RE: [announcement] DSpace Scraper - Reloaded

From: Matthew Cockerill <>
Date: Wed, 10 Aug 2005 19:06:18 +0100

In the real world of bibliographic systems, tools are in wide use that can and do map data between different bibliographic systems such as

PubMed XML format
Crossref piped format
EndNote export format
Bibtex format
BioMed Central native XML format
OpenURL format
RSS/Dublin Core format


The mappings that achieve this are not perfect. But the results that are achieved by having these mappings are real, and are profoundly important.
I think there's a danger that issues like this can be negelected as being "provably unanswerable", when in fact the utility of the partial solutions that can be achieved is undervalued.
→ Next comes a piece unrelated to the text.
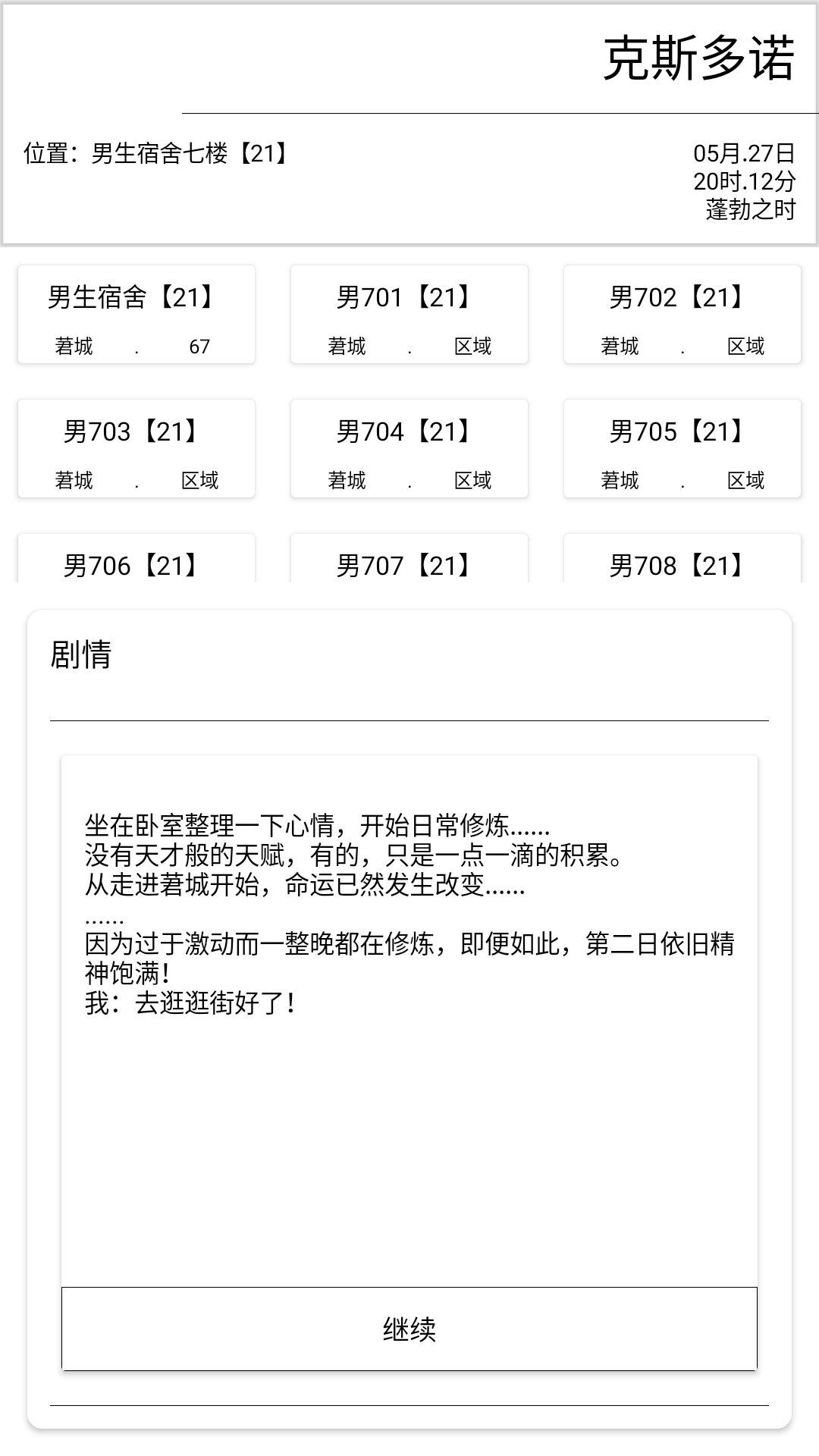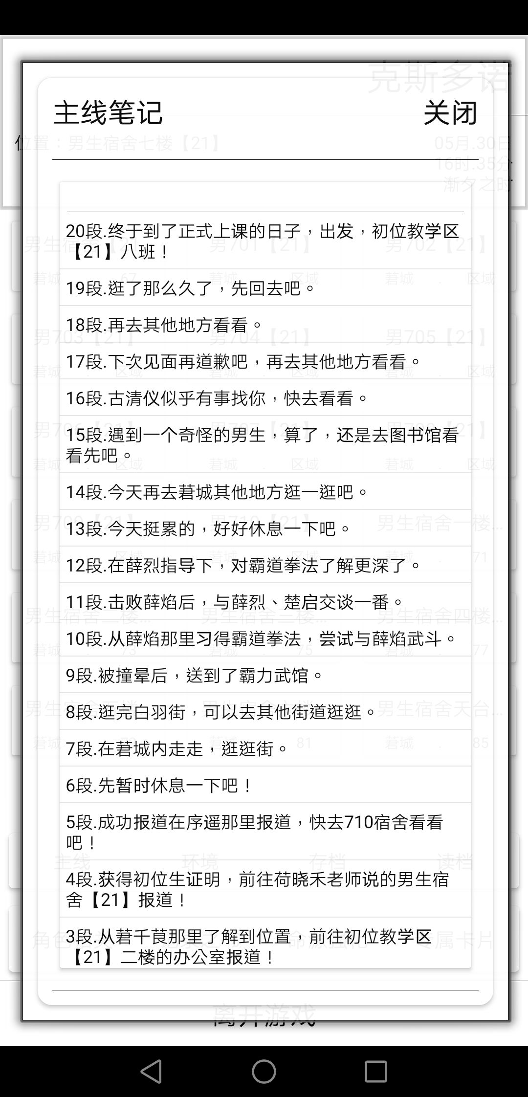 好的,我们的剧情肯定又把各位烦恼到了吧?仅玄给大家讲解一下关于逛街的剧情,其目的是想让玩家熟悉一下莙城的地图(大概),迷路警告。 开始剧情! 在白羽街的白玉道偶遇孟乐三人! 于武道街的尚武路被撞! 被送入武道街的霸力武馆! 从薛焰那里学习新的技能并与之武斗! 结束后准备返回宿舍,第二天继续! 图书馆的草木曲坪遇叶毅。 在图书馆的记文区遇到莙紫芥,发生误会,并被古清仪叫过去。 之后逛街到技玄院的唯像

In fact, weirdly, I remember spending weeks having exactly this debate in 1995, when I wanted to add EndNote format export to our Evaluated MEDLINE system (at the time, pre-PubMed, it was the first free web medline). The lead developer on the project was strongly opposed to adding EndNote export, since it was messy - the data didn't fit quite right, and it didn't fit with the elegance of the rest of the project. But when we finally introduced the EndNote download option, it was by far the most frequently used and praised aspect of the service.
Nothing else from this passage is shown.